JOHN GADSBY CHAPMAN (AMERICAN, 1808-1890) GENRE SKETCH, ink on paper, an intriguing interior scene, possibly for an illustration, featuring a man seated in a chair reading and holding a sword while a dog cowers behind. Monogrammed lower left. Matted under glass in a modern frame. Third quarter 19th century. 3 1/2" x 3 3/4" sight, 9 1/2" x 9 1/2" OA. Provenance: From an Alexandria, VA private collection. Catalogue Note: John Gadsby Chapman (1808-1890) was an important 19th-century artist best known for his monumental oil on canvas (12' x 18'), "The Baptism of Pocahontas" (1842), a work commissioned by the U.S. Government and displayed in the Rotunda of the U.S. Capitol Building. Born in Alexandria, Virginia, Chapman began his artistic training with George Cooke and Charles Bird King in Washington, D.C. before venturing to Italy, where he studied in Rome and Florence from 1827 to 1831. Back in the United States and with the completion of his work for the U.S. Capitol, Chapman had achieved tremendous success, and his abilities were frequently called upon for a variety of commissions. Nonetheless, in 1848 Chapman and his family left for Italy, where they were to remain for nearly three decades. The artist worked steadily during this period, producing landscape and genre scenes, often executed for tourists, and frequently sent paintings back to the United States for exhibition.
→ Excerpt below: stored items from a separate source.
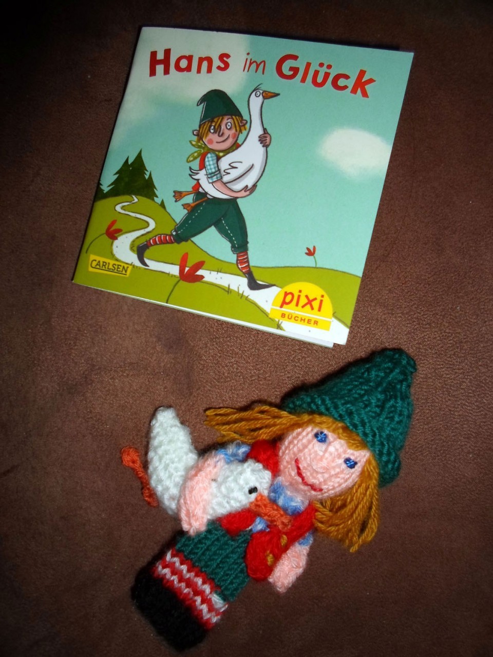 Das Set besteht aus einer Fingerpuppe mit herausnehmender Gans und einem Pixibuch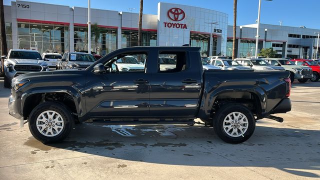" We invite you to come experience the friendly Desert Toyota buying experience. "You'll definitely feel the difference!! Did you find your dream car on our website? Photos and pricing are uploaded quickly on a daily basis, therefore pricing does not reflect or include "taxes, title, license or dealer doc fee. All pricing and savings cannot be combined with any current advertised or special sales event price. This Toyota Tacoma is equipped with the following features: 4WD, 3.583 Axle Ratio, 4-Wheel Disc Brakes, 6 Speakers, ABS brakes, Air Conditioning, All Weather Floor Liners, Alloy wheels, AM/FM radio: SiriusXM, Anti-whiplash front head restraints, Apple CarPlay/Android Auto, Auto High-beam Headlights, Be the first!! Fresh inventory, just arrived!!, Black Badge Overlay, Black Tailgate Insert, Brake assist, Bumpers: body-color, Cast Aluminum Running Boards, Driver door bin, Dual front impact airbags, Dual front side impact airbags, Electronic Stability Control, Emergency communication system: Safety Connect (up to 10-year trial subscription), Exterior Parking Camera Rear, Fabric Seat Trim, Front anti-roll bar, Front Bucket Seats, Front Center Armrest, Front reading lights, Front wheel independent suspension, Fully automatic headlights, Heated door mirrors, Illuminated entry, Knee airbag, Low tire pressure warning, Multimedia Glass Screen Protector, Occupant sensing airbag, Outside temperature display, Overhead airbag, Overhead console, Passenger door bin, Power door mirrors, Power steering, Power windows, Radio: 8" Toyota Audio Multimedia, Rear step bumper, Rear window defroster, Remote keyless entry, Speed control, Speed-sensing steering, Split folding rear seat, Spray-on Bed Liner, Steering wheel mounted audio controls, Tachometer, Telescoping steering wheel, Tilt steering wheel, Traction control, Trip computer, Variably intermittent wipers, and Wheels: 17" Styled Alloy.
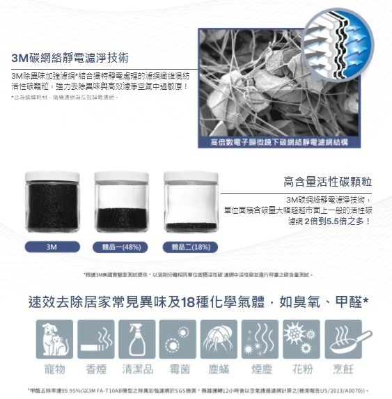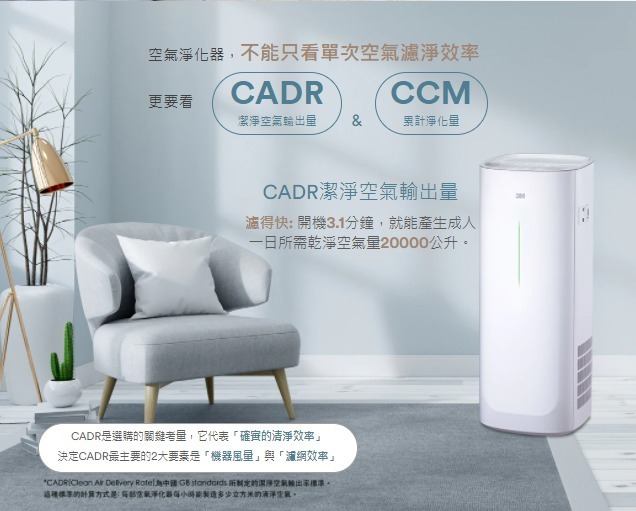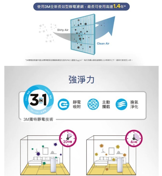CADR潔淨風量值450 CMH,適用581平方英尺空間(依每小時循環全室空氣2.5次至6次計算),10分鐘即有效濾淨99.9%空氣中總生菌數和99.9% PM2.5,開機不到3.1分鐘,即可產出成人一天所需乾淨空氣量20000公升,快速淨化居家空氣。 全球逾200項靜電濾淨技術專利,以3M發明的不織布核心技術,與多項技術平台交錯運用,於超細濾網纖維施加正負電荷,最高能濾除空氣中99.9%如塵埃、花粉、塵螨、寵物毛屑等過敏原與帶菌微粒, 甚至能過濾小至比PM2.5微米還小800倍的0.003微米微粒。
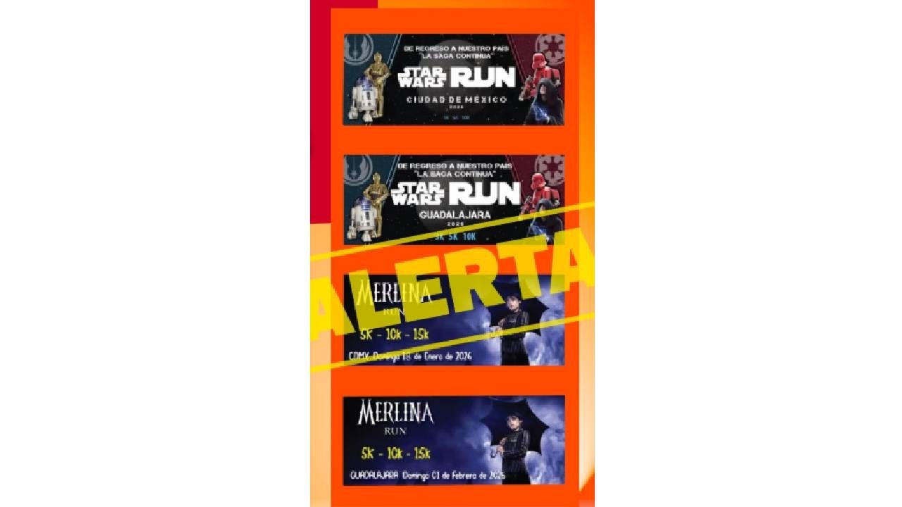 “Alertamos sobre un fraude en supuestas carreras organizadas por Mundo Runner, con temáticas de Starwars (sic) y Merlina, a realizarse en distintas ciudades del país en fechas próximas. Se han detectado cobros de inscripciones a carreras inexistentes, recomendamos no confiar en este proveedor y no realizar pagos por transferencia”, advirtió la Procuraduría.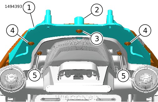 2. | איור 4 התקן את האור האחורי (3). a. איור 6 התקן את בורגי האור האחורי (2). הדק. מומנט סיבוב: 7–9 N·m (5.2–6.6 ft-lbs) בורגי האור האחורי b. חיבור מחבר האור האחורי (5) | |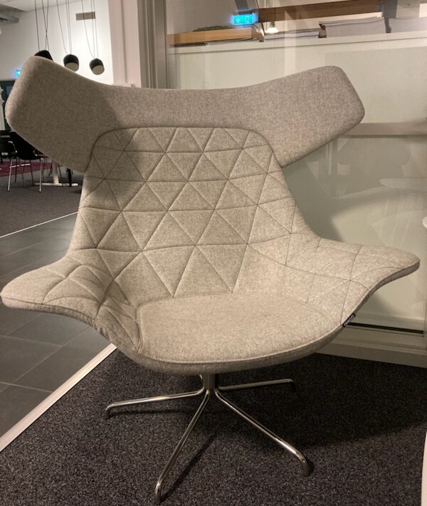 Sits och rygg i tyg (grå). Kryssfot i metall (aluminium).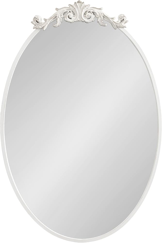 The Arendahl wall mirror brings a brilliant and decadent accent to any traditional home design. This wall mirror features a baroque-inspired design, with a resin garland crown cascading down an iron oval frame. The antique white finish brings it together as a vintage piece to display anywhere in your coastal home seeking additional light and elegance. Due to its hand-finished craftsmanship, each piece may vary in appearance. Showcase it in your living room, bedroom, entryway, bathroom vanity, or dining room for an elegant, conversation-starting focal point. Use the fabulous Arendahl wall mirror to bring dimension to your smaller spaces, opening up the area, and illuminating the darker corners. Proudly exhibit the Arendahl mirror on its own or in multiples, measuring 24 inches wide by 36 inches tall, providing enough space to create a fantastic wall accent. This framed mirror is also easy to hang, with a metal sawtooth wall hanger discreetly and securely attached to the back. There's no better way to bring an elegant, classic design aesthetic to your home than with this beautiful accent mirror. It'll dazzle your guests and create a permanent statement piece for your living space.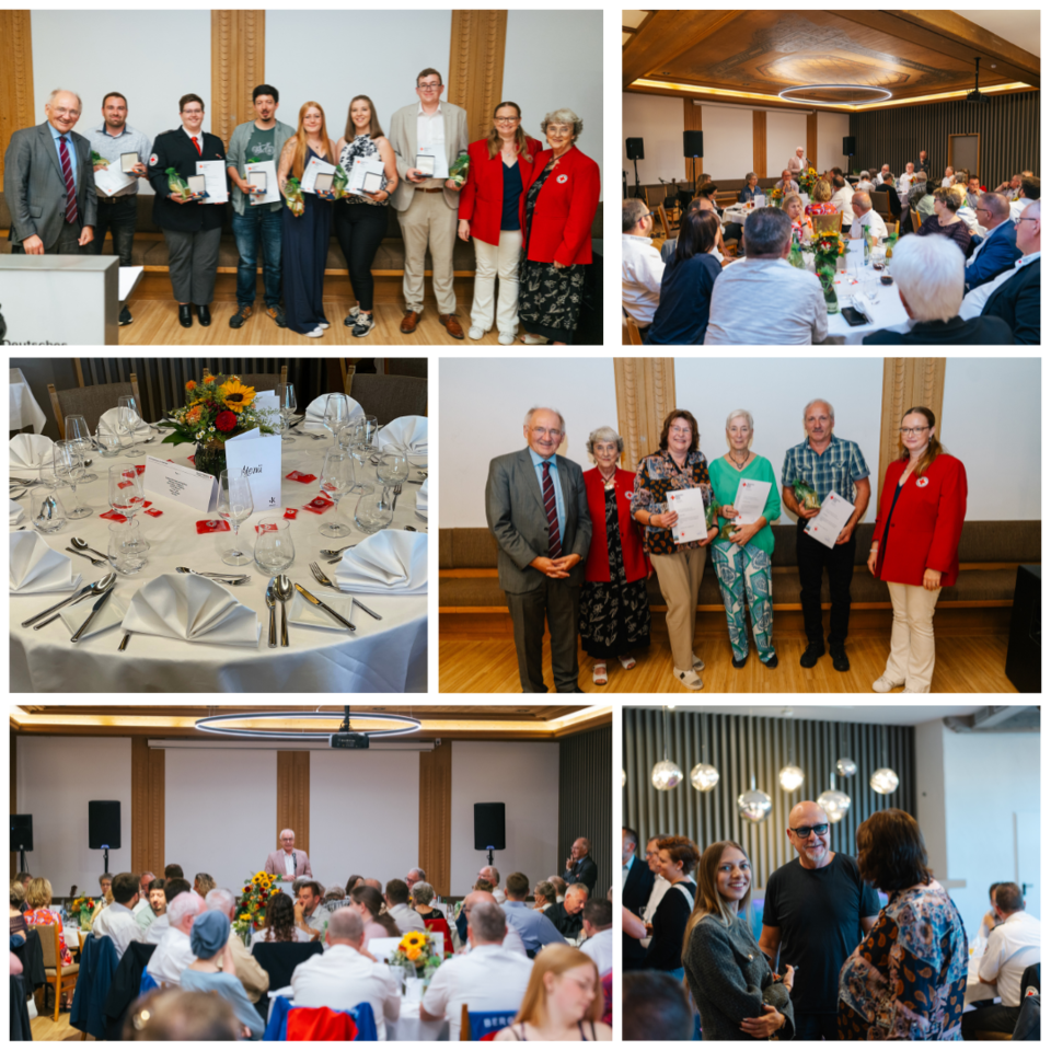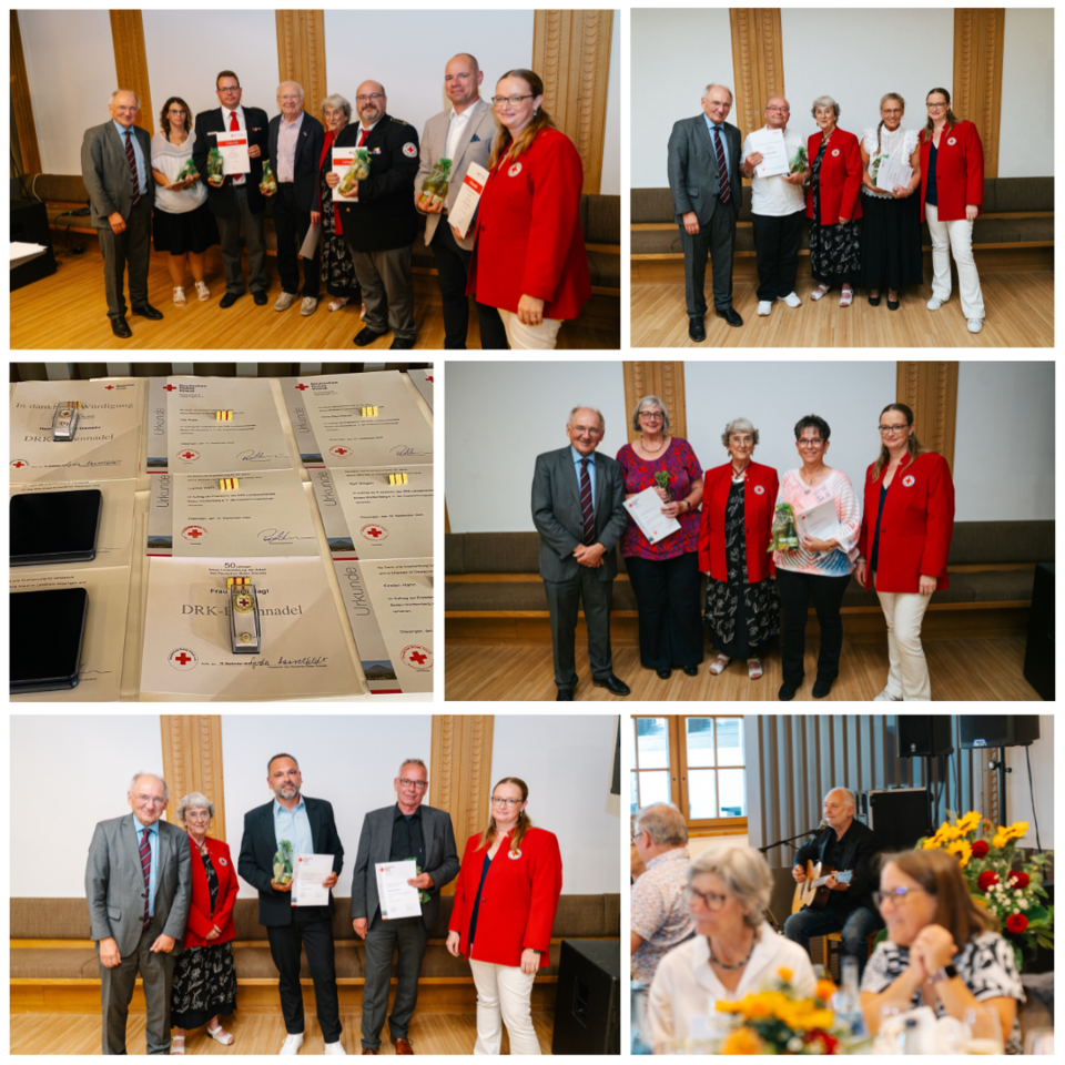 Es ist ein weiter Bogen an Aufgaben, die die Geehrten übernehmen und er repräsentiert nahezu das gesamte Spektrum der Themen, für die das Rote Kreuz im Landkreis steht. Sie bringen sich wie Eduard Mittermaier seit 25 Jahren als Übungsleiter der Bewegungsangebote für Senioren ein, wie Yasmin Schröder als Erste-Hilfe-Ausbilderin oder wie Rüdiger Trautmann in ganz unterschiedlichen Aufgabengebieten. Christian Striso übernimmt in vielfältig Verantwortung, ist wie Antonino Amato insbesondere im Rotkreuz-Landesmuseum engagiert. Unglaubliche 60 Jahre ist Werner Gewehr dem Roten Kreuz verbunden. „Sie sind das Sinnbild für das, was ich schon als kleines Kind mit dem DRK verbunden habe“, betonte Peter Hofelich. Heidi Hagel gehört dem DRK seit 50 Jahren an. Beispielhaft seien hier Cedrik Blank genannt – er wurde mit der Ehrenmedaille in Bronze ausgezeichnet für seinen Einsatz im Jugendrotkreuz. Wie auch Jessica Rödl, die sich auch in der Nähgruppe „RecCross“ einbringt und so ausgemusterter Dienstkleidung zu einem zweiten Leben verhilft. Andrea Boffenmayer – auch sie ist aus der Rotkreuzgemeinschaft nicht wegzudenken. Ihr seit fast 50 Jahren und vielfältig währendes Engagement ehrte der DRK-Kreisverband mit der Ehrennadel in Gold. Sie erhielt auch Raimund Wimmer, der sich für die Bergwacht auch auf Landesebene engagierte. „Wir können uns gratulieren, dass wir so engagierte Mitarbeitende in unseren Reihen haben“, bekräftigte der Präsident des DRK-Kreisverbandes.

With the outbreak of the American Civil War, however, demand for Chapman's work dissipated in Europe, and he was forced to return to the United States in 1877. Unable to continue his career back in America, John Gadsby Chapman died in poverty and relative obscurity in 1890. His sons, Conrad Wise Chapman (1842-1910) and John Linton Chapman (1839-1905), were successful painters as well, both of whom learned from their father and began their careers in Italy.
The present example may well be a preparatory sketch for one of Chapman's illustrations and demonstrates the artist's keen eye for narrative detail.
Very good condition overall with minor areas of toning at edges. Not examined out of frame.